His hesitation is understandable. The field of "serious games" is still new, not mature enough to provide rock solid proof that games can have profound and sustained social impact.
This open question is why the conference spent the entire first day on making "The Case for Social Impact Games" by presenting a series of case studies.
They included iCivics, an effort by former Supreme Court Justice Sandra Day O'Connor to use games to teach civics, and EVOKE, a game funded by the World Bank Institute to teach African youth the skills and abilities to change the world.
iCivics has seen two million plays and EVOKE was played by 20,000 users. But learning and social outcomes are much trickier to track, let alone quantify. The sessions' content reflected that challenge.
Until game developers get more comfortable talking about outcomes and spend more time discussing outcomes rather than outputs, mass adoption by the social sector will remain unlikely. (Most funders are sitting on the sidelines, with the exception of the MacArthur Foundation and a few corporate foundations.)
This is how it worked: some lucky residents in Macon received half a bond each and were instructed to find others whose half bonds match theirs. Together they have to show up at game headquarters to redeem the bonds for real cash in a special currency. The Macon Money is then spent on local businesses, benefiting the local economy.

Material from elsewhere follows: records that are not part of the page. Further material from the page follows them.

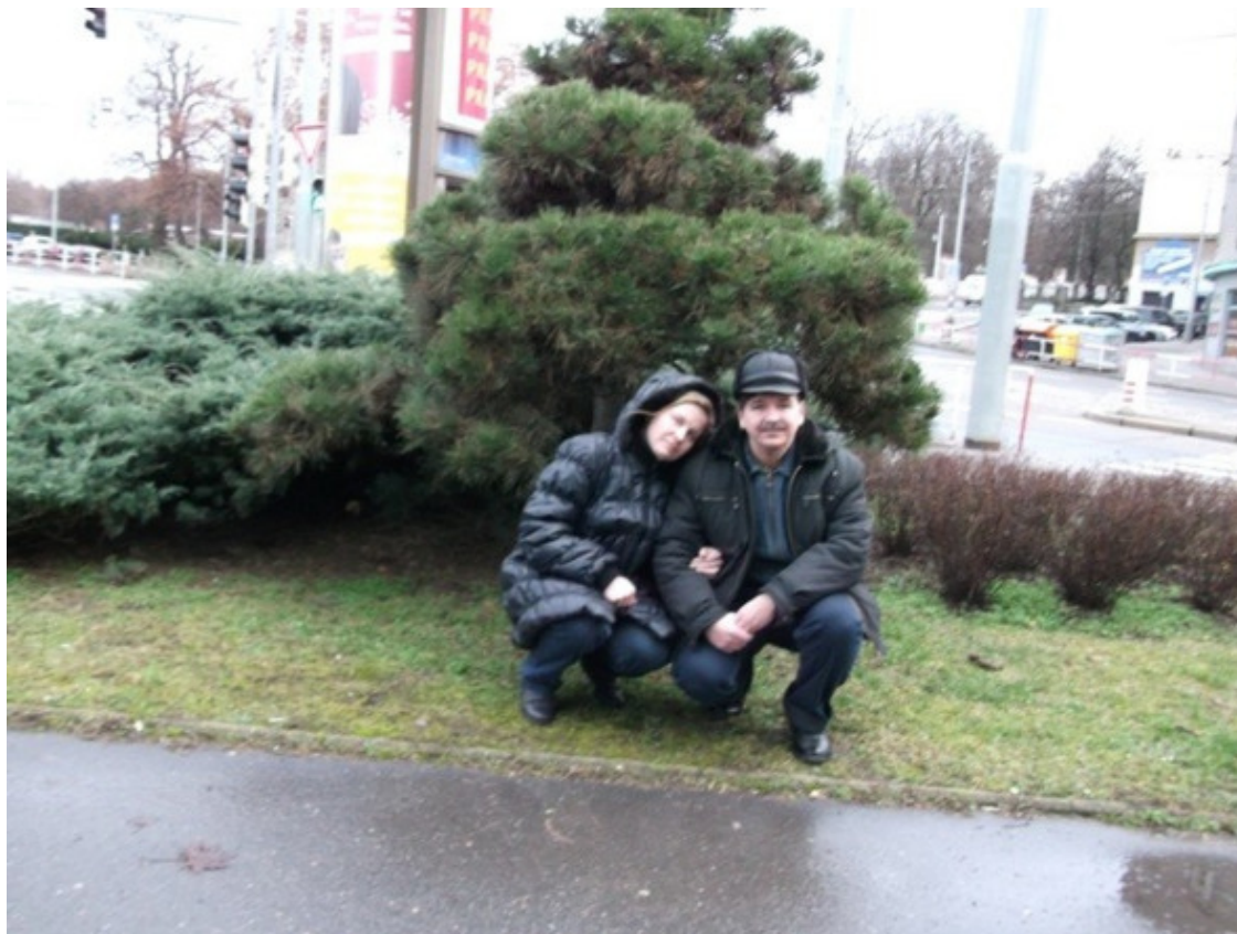
Мы с женой в зимней Праге

И заметьте – почти не пишу про пиво. Я его пью, но в небольших количествах: кружку-другую. И ни в коем случае не собираюсь строить из себя знатока. А ведь про пражские пивные можно сочинить многотомную эпопею.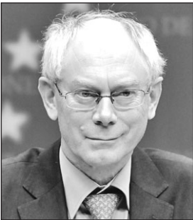
Herman van Rompuy

El presidente del Consejo Europeo, Van Rompuy, comprometió su respaldo al Estatuto Único de Fundaciones en el transcurso de su intervención en Bruselas ante mil representantes del sector. (Pág. 10)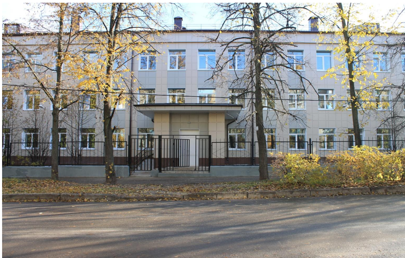
Наша школа после капитального ремонта (август ,2013)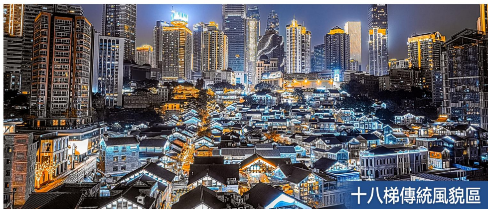
十八梯傳統風貌區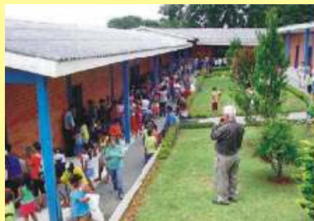
Recanto da Paz, da Alegria e da Esperança.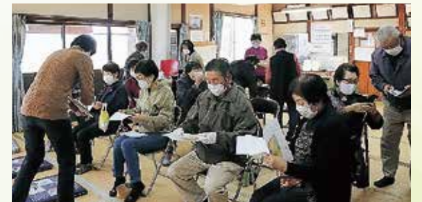
いきがやふれあいサロン (生萱地区)

だんだんと各地域でコロナと向き合いながら、サロンが再開しています。サロンの再開に向けて手を貸してほしいというお声がありましたら、ぜひ担当地域の生活支援コーディネーターにお声がけください。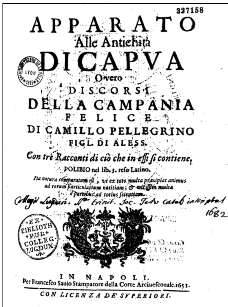
Figura 2. C. Pellegrino, Apparato alle antichità di Capua

Sui rapporti e sulle corrispondenze tra l' Apparato alle Antichità di Capua e il Campanien si è invece focalizzata l'attenzione di Claudio Ferone, il quale ha dimostrato come Beloch abbia ricavato dallo scritto di Pellegrino la griglia concettuale entro cui dare una precisa e compiuta organizzazione alla materia trattata nella propria opera 12 .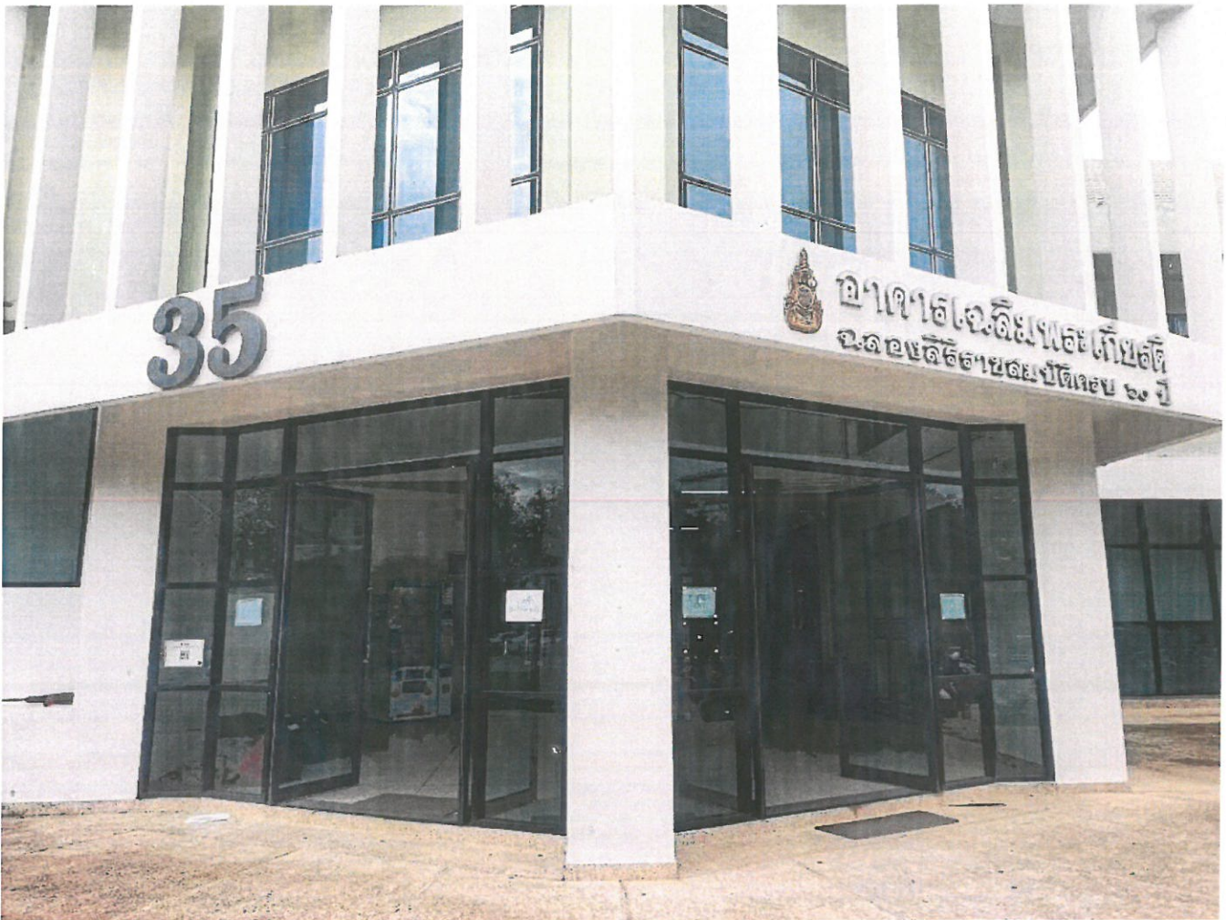
ภาพประกอบพื้นที่อาคารเฉลิมพระเกียรติ (อาคาร ๓๕)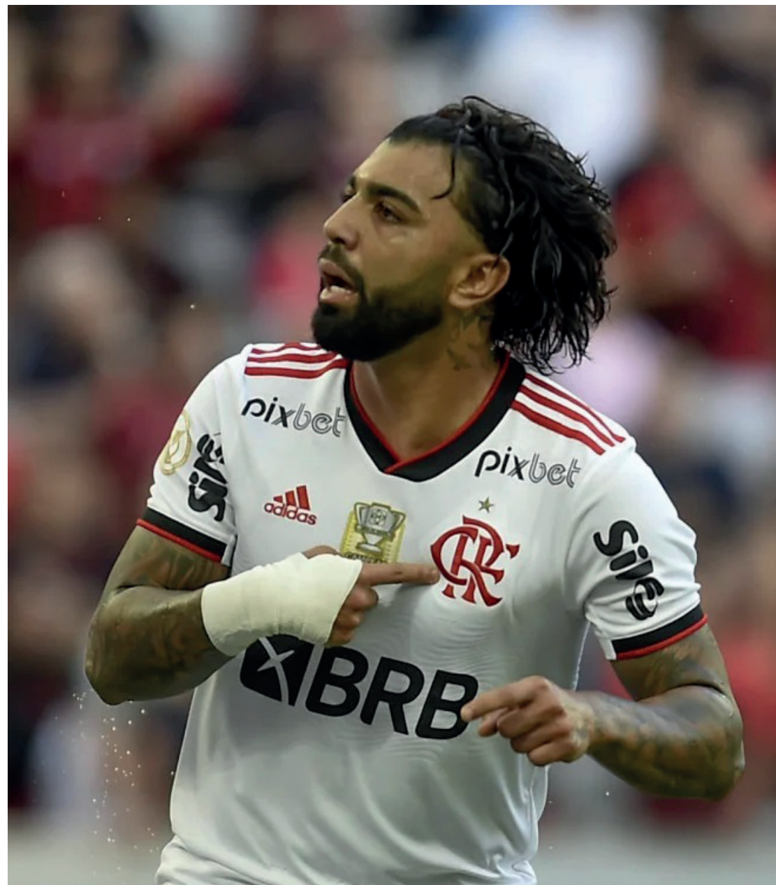
Última vez do Rubro-Negro na degola foi na 6ª rodada da última edição

Precisando virar a chave por bons resultados em meio à crise e protestos de torcedores, o Flamengo volta a campo na próxima quarta-feira (10), às 20h, no Maracanã, contra o Goiás.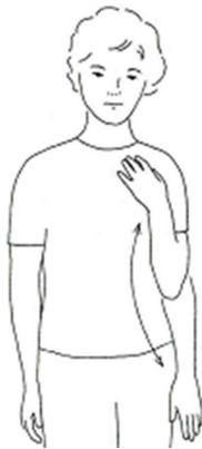
Mynd 2. Beygt og rétt úr olnboga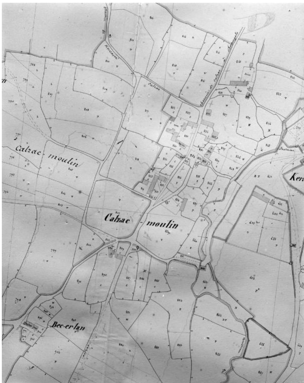
Extrait cadastral 1844, section D3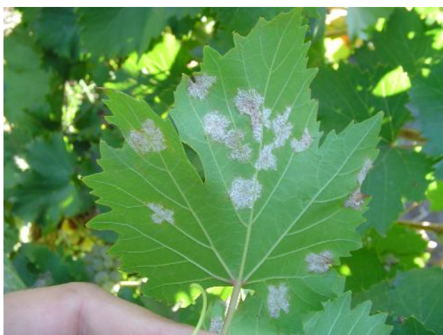
Cara adaxial de la hoja, con esflorescencia blanquecina.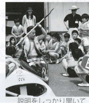
説明をしっかりと聞いて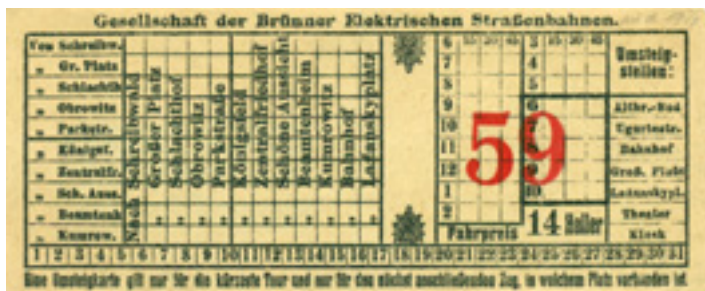
Jízdenka před rokem 1915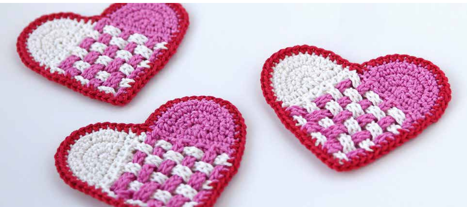
Scandinavisch hart (bonus patroon)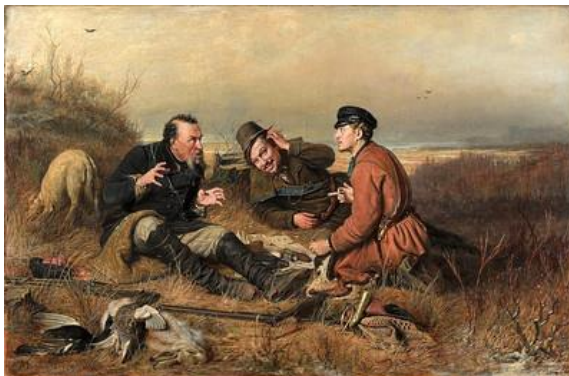
В. Г. Перов. Охотники на привале

20 Василий Григорьевич наскоро позавтракал и с воодушевлением поднялся в мастерскую. Льняные солнечные лучи, изредка выбегая из-за туч, освещали на короткое время невысокое скромное помещение, из окон которого можно было увидеть провинциальный московский дворик с оголившимися деревьями и кустарниками. Художник подошел к мольберту, отодвинул его от прямого естественного света, снял холщовую тряпицу с подрамника и сделал несколько шагов назад, чтобы свежим взглядом оценить законченный накануне холст, напряженная работа над которым прибавила бодрости и сил и дала немного удовольствия и отдыха сердцу, отяжелевшему в последние годы от семейных горестей, болезней и смертей.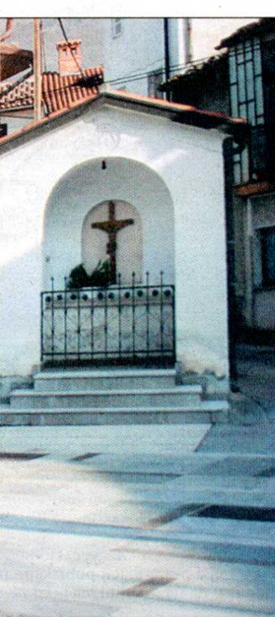
elju slednjič le odkrili spomenik

širile govorice, da sta pobegnila na Cerkljansko. Brevir pa je ostal nema priča, kdo počiva v svežem skrivnostnem grobu. Dobro leto pozneje, preden je prišel ukaz iz Škofje Loke, smo doma sklenili, da ju prenesemo na domače pokopališče, kamor tudi spadata. Sam sem šel, trupli odkopal in vse primerno pripravil za pogreb. Lahko si mislite, kako je vse to bilo videti.”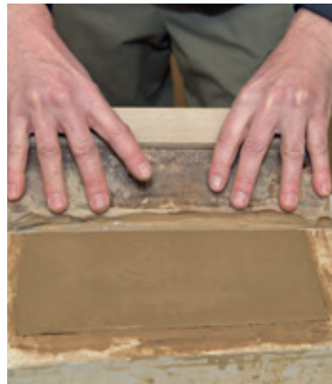
... und abgezogen.

„Diese Kalkanreicherung kann man in Hohlwegen als Form sogenannter Lößkindl sehen“, so der Ofensetzer. „Der Kalk lagert sich vorzugsweise um Steine ab und nimmt die Form eines Kindes oder einer Puppe an.“ Belohnt wird die geduldige Arbeit mit Kacheln in sanften Rot- und Brauntönen. Gerold Wucherer presst den Löß in Modeln und belässt die Kacheln unglasiert. Gebrannt werden die Lößkacheln bei 1.120 °C. Diese setzt er abgestuft auf den Ofen, „das ist meine Reverenz an die Terrassenlandschaft der Region.“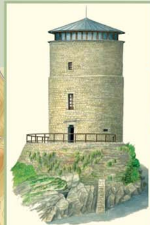
En la vieja torre medieval, se puede visitar la Casa del Parque del Torredón de Puebla de Lillo, donde se muestra una interesante exposición sobre el espacio protegido.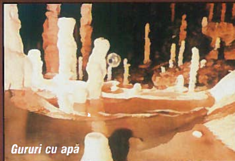
Gururi cu apă

Datorită formațiunilor spectaculoase ce îmbracă forme mai puțin obișnuite, de un farmec deosebit, această gale-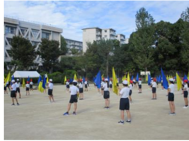
風を切り裂くフラッグ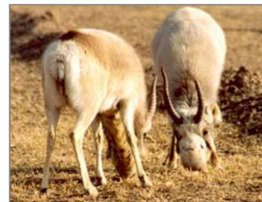
Поединок самцов сайгака. Центр по разведению в Ганьсу, Китай.

К приоритетным направлениям Центра по разведению сайгака на следующие несколько лет относятся: увеличение численности существующей группировки, проведение генетического мониторинга и изучение размножения выращенных в неволе сайгаков. Центр надеется на усиление сотрудничества с научными и природоохранными организациями для улучшения информационного обмена и усиления материально-технической базы.

The fact that the game is played in real life probably helped make its impact more visible to the audience. Photos of smiling residents holding up their matching bonds also spoke volumes.
The Knight Foundation has hired two firms to evaluate the game to see if it produced changes in knowledge, attitude and behavior of the residents and whether the newly formed connections lasted. A full report will be released in August.
The case for social impact games -- virtual and real -- is one that many social innovators are desperate to make. They've seen the limits of knowledge and reason in changing human behavior -- to exercise, eat healthy, recycle, and reduce one's carbon footprint. They need other ways to motivate people to "do the right thing."
This is the main reason I'm exploring gamification as well, with a new social innovation competition called Fun for A Change. I'm engaging youth in several countries in designing fun solutions to our common challenges to see if we can improve results... for people and for our planet.
I've already kicked off a pilot at Simon Fraser University in Canada and will spread it to other universities in the U.S. and India in the Fall.
I'm trying to see whether solutions powered by game mechanics can engage youth to change behavior and to become changemakers themselves.
If that can happen, then maybe saving the world can be fun too (for a change).